Leaving the pictures aside, reproduce the data in full and word for word.
DATA SHOWN START
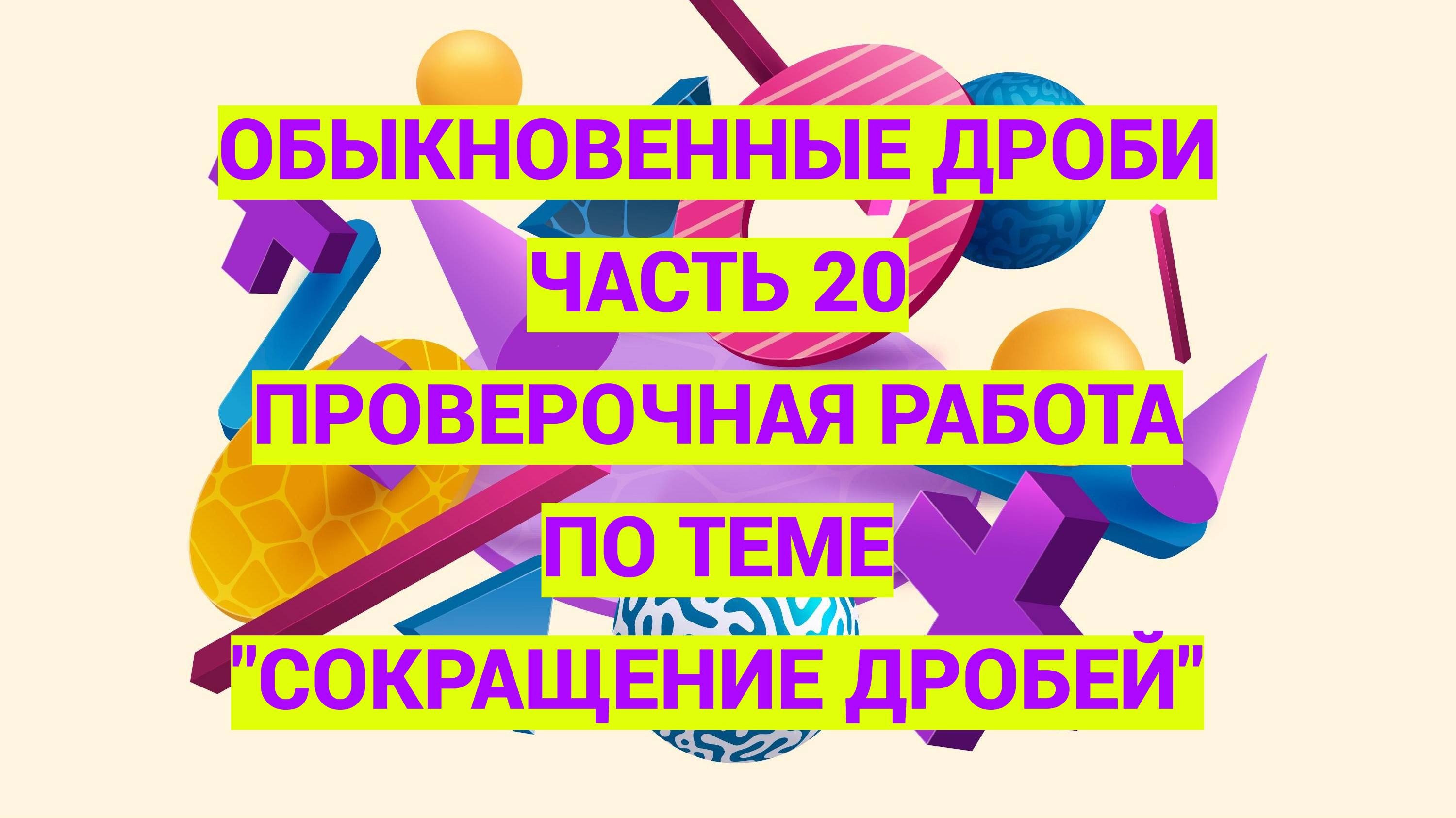 Дроби. Часть 20. Проверочная работа по теме Сокращение дробей
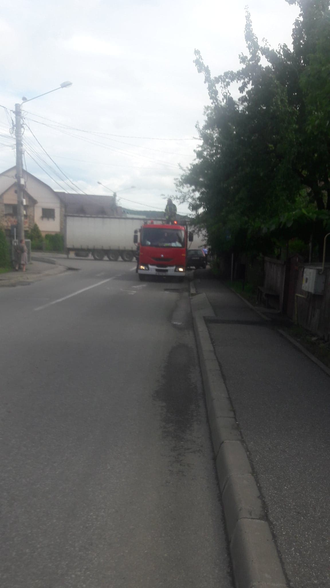 Traficul în sensul giratoriu de la intersecția Drumului de centură cu Subcetate a fost îngreunat preț de zeci de minute. Un TIR înmatriculat în Bulgaria nu a frânat la timp, izbind mașina unei bistrițence, care circula regulamentar.
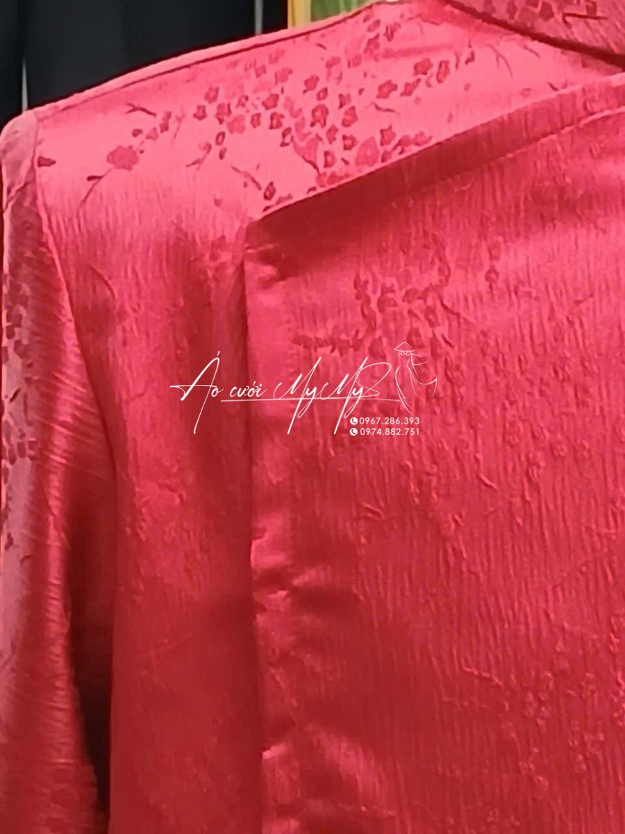 Áo dài chú rể đỏ gấm hoa là mẫu trang phục cưới truyền thống mang đậm nét văn hóa Việt, được thiết kế hiện đại với chất liệu gấm cao cấp, hoa văn chìm sang trọng. Màu đỏ tượng trưng cho sự may mắn và thịnh vượng, rất phù hợp trong các nghi lễ cưới hỏi, đặc biệt là lễ rước dâu hoặc lễ đính hôn.
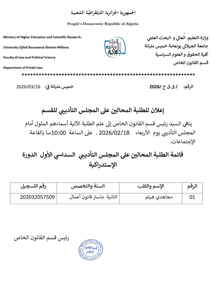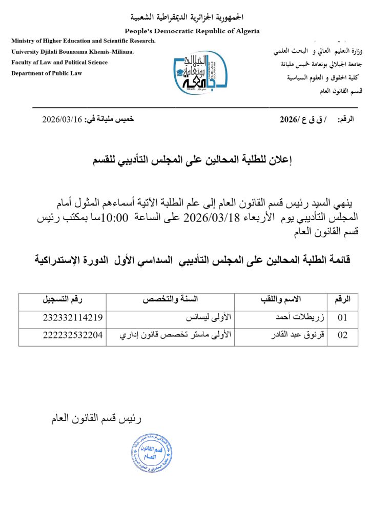 إعلان للطلبة المحالين على المجلس التأديبي للقسم
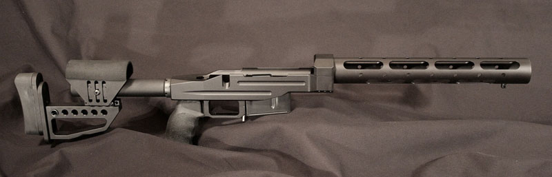 Hoy he podido probarlo por fin y la verdad es que es muy robusto y estable, a decir verdad debo adelgazar un poco el conjunto ya que todo el equipo incluido el bipode pesa 8,700Kgramos con lo cual debo de rebajar un poco el peso para adaptarlo a la normativa, el agarre es bueno aunque modificade un poco la salida del pistolet al aluminio, para hacerlo mas ergonomico,como vereis lleva puesto una culata Magpull y un pistolet de la misma marca, ya que como ha sido el primero me ha salido muy cuadrado, en la version 2.0 se modificara al completo
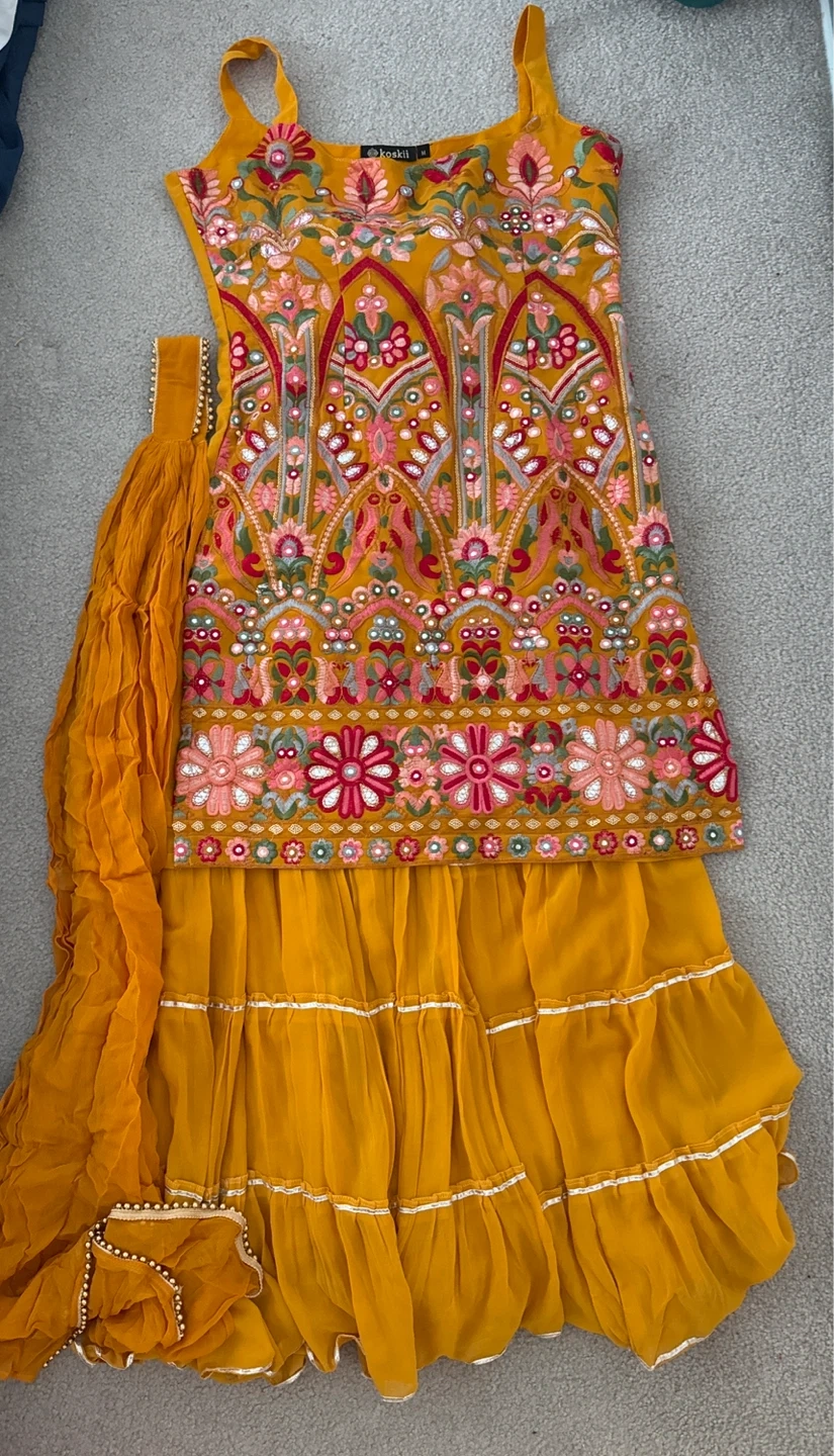 Koskil Women's Yellow Embroidered sharara suit and Dupatta
DATA SHOWN END
| YOUR SOLUTION |
 Дроби. Часть 20. Проверочная работа по теме Сокращение дробей
 Traficul în sensul giratoriu de la intersecția Drumului de centură cu Subcetate a fost îngreunat preț de zeci de minute. Un TIR înmatriculat în Bulgaria nu a frânat la timp, izbind mașina unei bistrițence, care circula regulamentar.
 Áo dài chú rể đỏ gấm hoa là mẫu trang phục cưới truyền thống mang đậm nét văn hóa Việt, được thiết kế hiện đại với chất liệu gấm cao cấp, hoa văn chìm sang trọng. Màu đỏ tượng trưng cho sự may mắn và thịnh vượng, rất phù hợp trong các nghi lễ cưới hỏi, đặc biệt là lễ rước dâu hoặc lễ đính hôn.
 إعلان للطلبة المحالين على المجلس التأديبي للقسم
 Hoy he podido probarlo por fin y la verdad es que es muy robusto y estable, a decir verdad debo adelgazar un poco el conjunto ya que todo el equipo incluido el bipode pesa 8,700Kgramos con lo cual debo de rebajar un poco el peso para adaptarlo a la normativa, el agarre es bueno aunque modificade un poco la salida del pistolet al aluminio, para hacerlo mas ergonomico,como vereis lleva puesto una culata Magpull y un pistolet de la misma marca, ya que como ha sido el primero me ha salido muy cuadrado, en la version 2.0 se modificara al completo
 Koskil Women's Yellow Embroidered sharara suit and Dupatta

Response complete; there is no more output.